Amarillo, Willamette, Cluster, PoR, PoR+, Cz Saaz, Simcoe, Challenger, Tettnanger. That makes 9 varieties and about 1.5Kg. Soon to get some B Saaz and Hallertau.


----------



## Hopsta (29/5/06)

I have approx 15 varieties and around 3kg in total. To make things easier I really should enter my stock into the beersmith inventory i just never get around to it.


----------



## bindi (29/5/06)

12 and 3kg+, 50% German style ,20% English, 20% Yankie style and 10% Cheq.


----------



## sluggerdog (29/5/06)

around 10-12 ish (2-3kgs worth) I think, trying to work my way though them now though as I don't need to stock them in bulk as it's just as easy to buy fresh these days from craftbrewer.


----------



## Voosher (29/5/06)

A pretty conventional assortment in my freezer.

From memory:

Target
Challenger
EKG
Fuggles

Simcoe
Chinook
Amarillo
Cascade
Willamette

POR

NB
Spalt

Just over 2kg all up.


----------



## Stuster (29/5/06)

Just over a kilo in all in 11 varieties. Got most of them from NZhops so quite a few high alpha acid types in there. Willamette, Fuggles, Green Bullet, Nelson Sauvin, Pacific Hallertau, Southern Cross, Pacific Gem, Czech Saaz, Glacier, Chinook.

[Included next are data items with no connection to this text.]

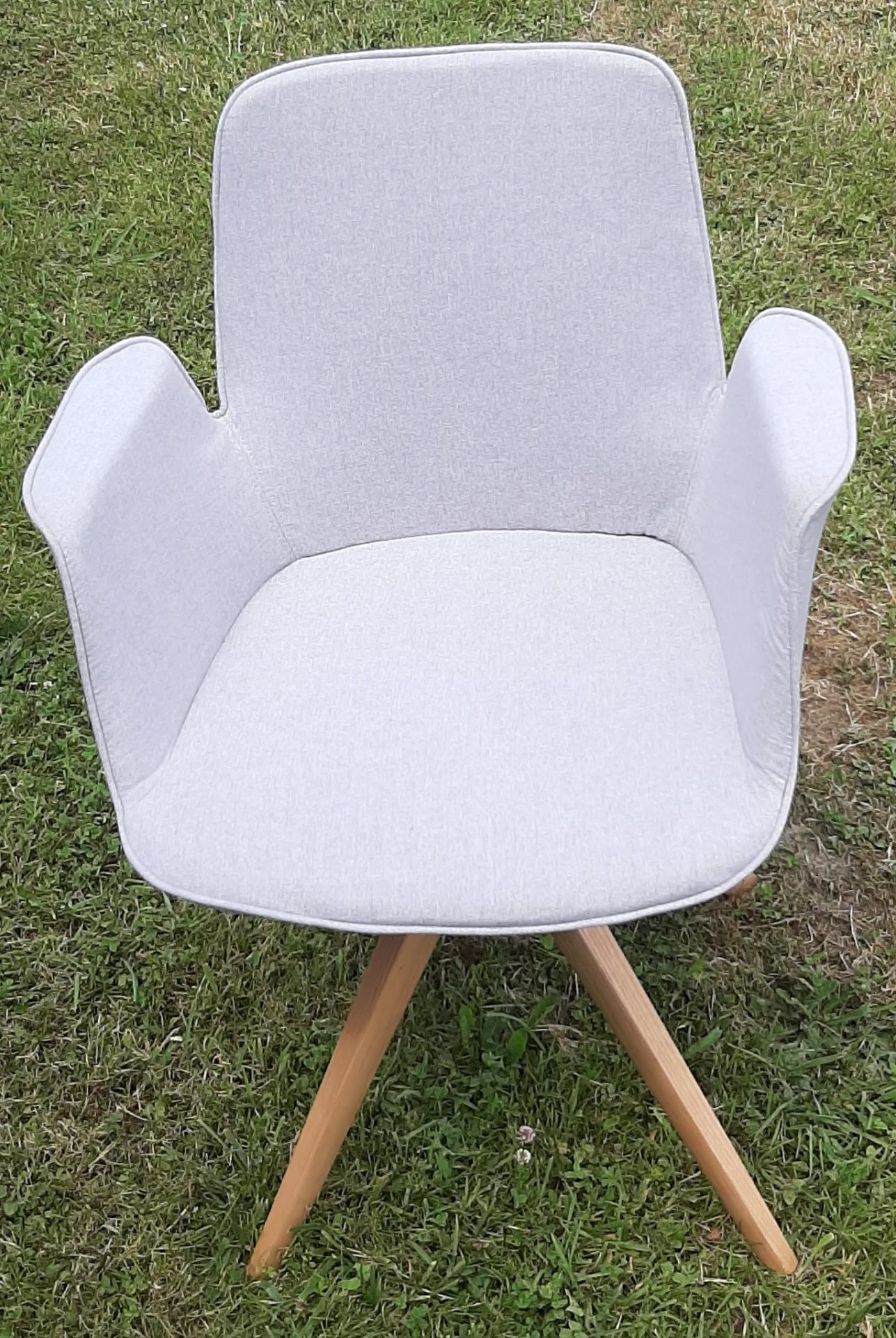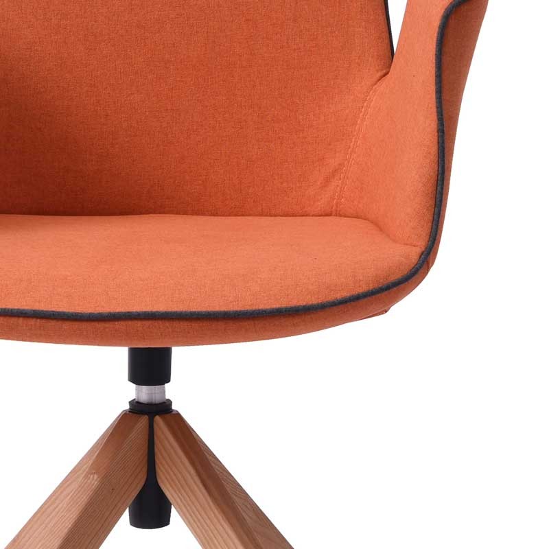 Piétement pivotant avec retour automatique en hêtre massif plaqué chêne et métal laqué époxy noir, assise et dossier en tissus sur mousse densité 26kg/m².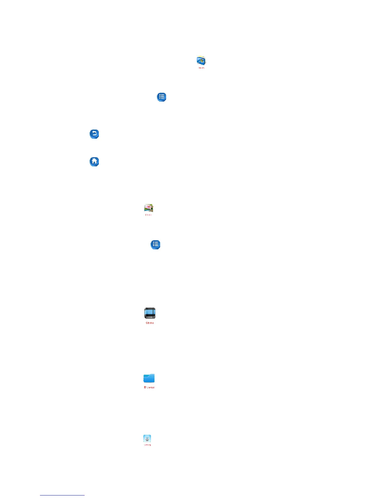 Under main menu, press to Ebook submenu including: Dir list and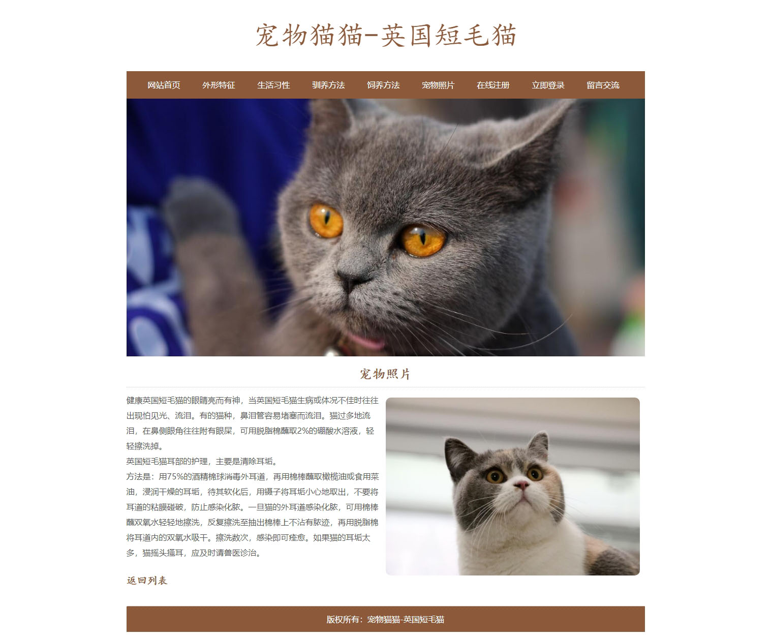宠物猫猫-英国短毛猫 20页面 HTML5 动物宠物主题 带设计说明 JS轮播特效 注册登录留言表单 JS表单验证(0/0)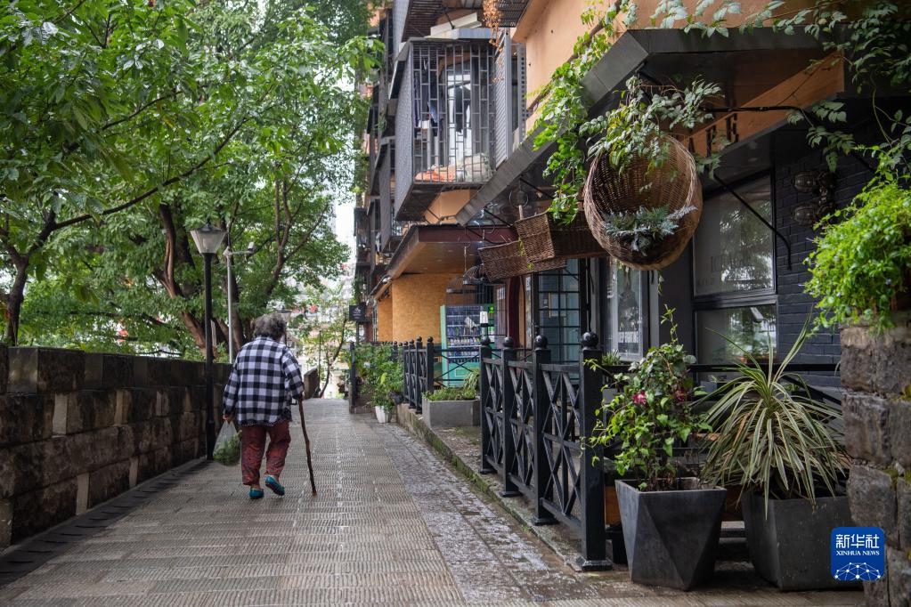 一名市民經(jīng)過重慶市渝中區(qū)戴家巷。該處老社區(qū)經(jīng)過修繕改造,成為深受年輕人和游客喜愛的臨江“咖啡街”(2022年9月24日攝)。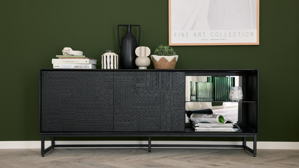 Lieferumfang: 1x Lowboard (ohne Dekoration)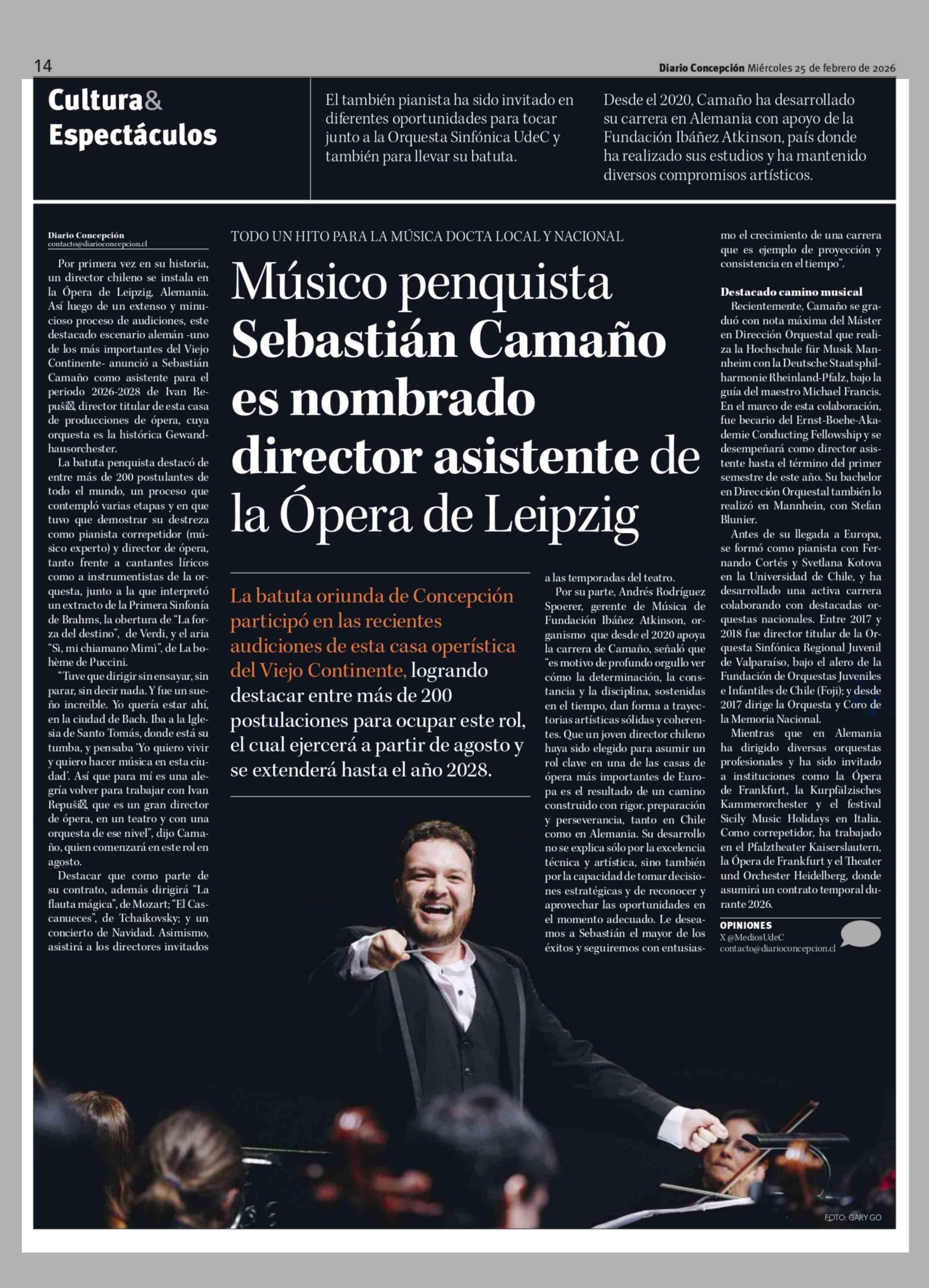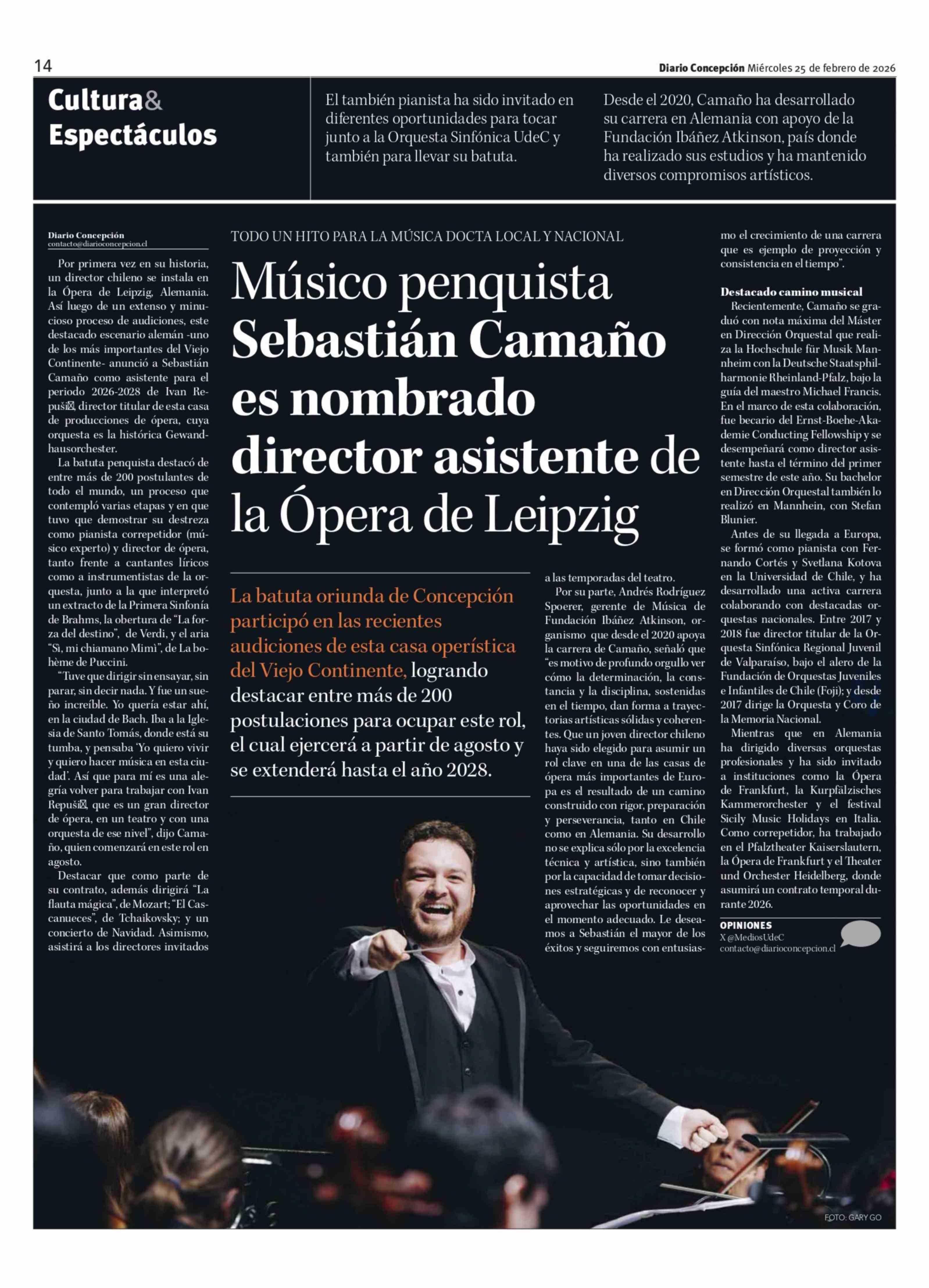 Músico penquista Sebastián Camaño es nombrado director asistente de la Ópera de Leipzig 25-02-2026 Diario Concepción |

As Sluggerdog said, I'll be trying to cut down the quantity and order from craftbrewer as needed. Made a hopburst pale ale recently with 8 month old hops - the bitterness is there, but the flavour and especially the aroma is not a patch on the beer with the same hops when they were fresh.


----------



## Finite (29/5/06)

1 - Hallertau, tipping the scales at just over 90grams.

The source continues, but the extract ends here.